The Snow Gypsy(44)



“It might look like that but it’s not.” Lola sank down onto the grass beside her. “If you lived a whole lifetime, you could never learn it all. When you prepare to dance, you ask, What are the emotions we are trying to express? What are the rhythms of this piece? You have a backbone of material, but your imagination is just as important. You have to work out moves to reflect every single word that comes out of the singer’s mouth.”

Rose shook her head. “That sounds incredibly difficult.”

“That’s why I have to practice so much. When I came to Granada, it helped that I lived in the same house as Cristóbal. A dancer has to get a feeling for what the singer is going to do before he or she actually does it.” She brought her fist up to her chest. “It’s in here,” she said. “Like a sixth sense. It grows the more you practice. When Cristóbal starts to sing, he’s supposed to follow the signals I give with my feet. But he gets so lost in what he’s singing that it doesn’t always work like that. I have to be ready to change what I’ve planned in a heartbeat.”

“Have you told him yet? About going to Madrid?”

“I had to—we’re leaving a week from today.” Lola glanced across the grass at the tavern in the shadow of the palace walls. “It’s going to be strange, performing in this place for the last time.”

“How did he react?”

Lola grunted a laugh. “He said it was a bit drastic, going all the way to Madrid to get away from the husband he’s lined up for me.” She shook her head. “But when he stopped joking around, he said he wasn’t surprised. He knows it’s something I’ve been dreaming about for years. And the prize money will keep him going while he looks for a new dancer.”

“What about Nieve? How does she feel about leaving her cousins behind?”

“She’s sad, of course.” Lola followed the child with her eyes as Nieve chased Gunesh around a magnolia bush. Creamy petals showered down as they careered against the trunk. “But she’s excited, too. Thanks to you, she’s as mad about reading as she is about dancing. She wants to go to school in a place where no one knows her. If she went here, the other children would tease her. She’s a tough little thing, but she doesn’t need that. It’ll be so much easier for her in Madrid.”

“Well, I’m certainly going to miss her,” Rose said. “And so is Gunesh.”

Lola nodded. “Perhaps we’ll get a dog of our own one day. Although I don’t know how we’d find one as handsome as him.” She turned to Rose with a wistful smile. “It’s good that you have him with you. To protect you. There are wolves up there in the mountains.” She could have added that there were people there, too—people even more frightening than wild animals. She could have told Rose the other reason why she couldn’t go with her on her journey to the Alpujarras. That he might still be there. The faceless man who haunted her nightmares.



The performance was about to begin. Rose had taken a seat on one of the low benches that had been pushed against the wall in the back room of the tavern. The place was jam-packed. Word of Lola and Cristóbal’s success in Provence had traveled fast.

Lola had gone somewhere to get changed. She had seemed keen to get away the moment they stepped into the tavern. When Rose had asked her what the matter was, Lola had glanced fleetingly at a man who was standing at the bar.

“That’s the man Cristóbal wants me to marry,” she hissed. “His name’s Antonio Lopez. I can’t stand him.”

Rose had watched the man follow Lola with his eyes as she left the room. There was a furtive hunger in them, like a dog hovering around a dinner table, hoping for scraps.
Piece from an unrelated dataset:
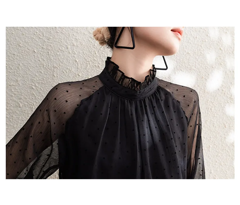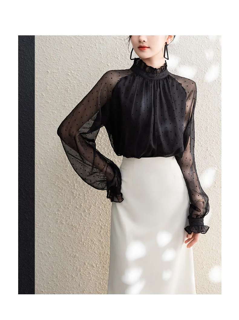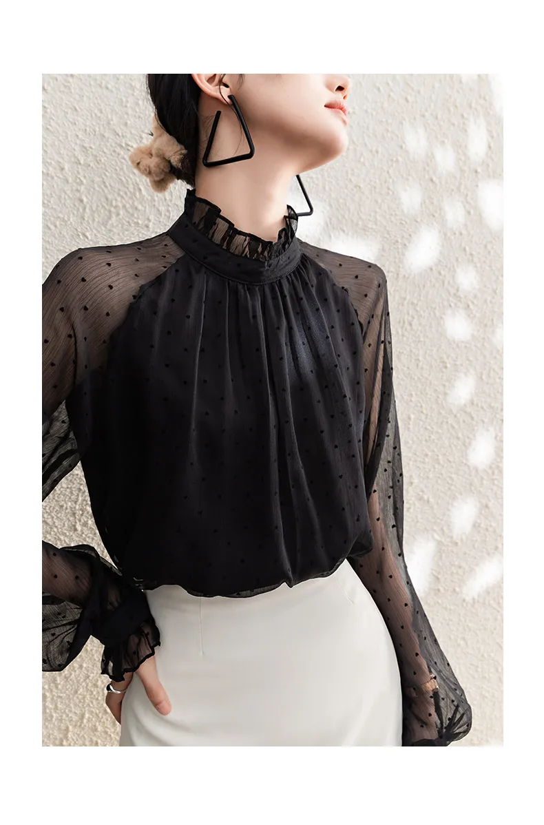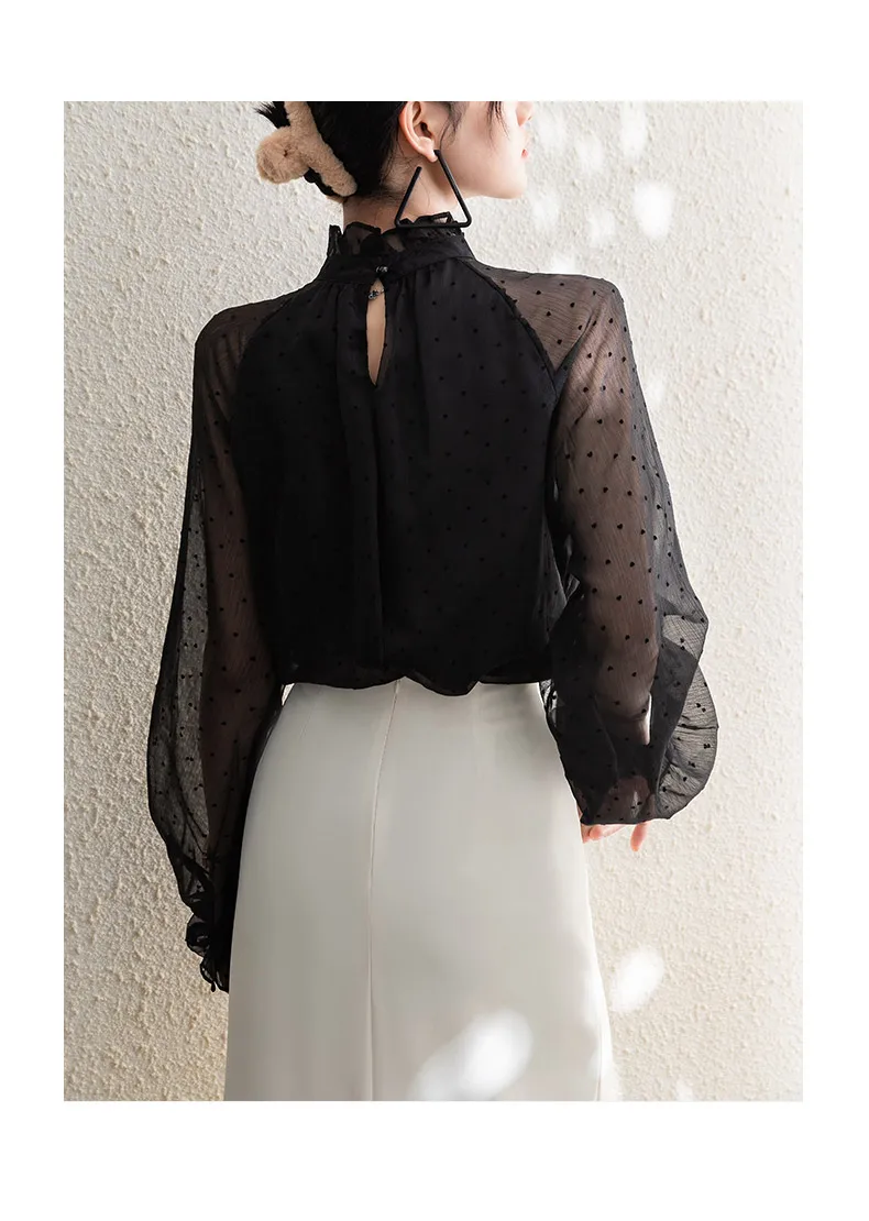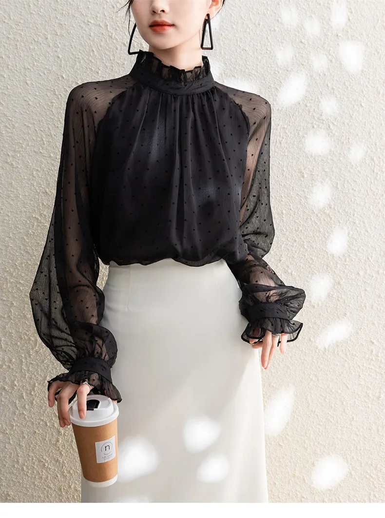 Spring Summer Black Polka Dots Mesh Women’s Chiffon Blouses 2025 New Long Sleeve Stand Collar Vintage Loose Shirts Female

He looked about twenty years older than Lola, and his stomach bulged over the waist of his trousers. His thinning hair was slicked across the top of his head like bedraggled feathers.

She had lost sight of him as people began filing through to the back room, jostling for space on the benches. Nieve had grabbed her hand and led her to a seat. Cristóbal was already there, tuning his guitar. He gave her a brief, hooded look. She pretended not to notice, dropping her hand to the floor to find Gunesh, who had curled up under the bench.

It was hot and stuffy in the room. There was a small window in one wall. Someone had pulled it open. It had narrow-spaced bars on the outside, like the window of a prison cell. Rose was looking at it when something very strange happened. A swift flew straight through the bars, darted across the room, and landed in Rose’s lap.

It sat there, its claws digging into the fabric of her skirt, staring up at her with its bright little eyes. She stared back, hypnotized—not quite believing it was real. Swifts had always been her favorite birds. They were so strange and mysterious, with so many legends attached to them. She’d heard the English Gypsies call them devil birds, for their screaming, for their crossbow shape, and for their uncanny ability to do everything on the wing—to eat, drink, preen, and mate without ever touching the earth. According to Bill Lee, swifts didn’t sleep in the nests they built in the eaves of houses but soared to the moon at dusk to spend the night there, descending to earth with the dew of the morning.

She felt Gunesh brush the backs of her legs, but she hushed him before he could frighten the bird.

Suddenly Cristóbal was standing in front of her. “The bird must go back outside,” he said. “Its kind die quickly if they come out of the sky.”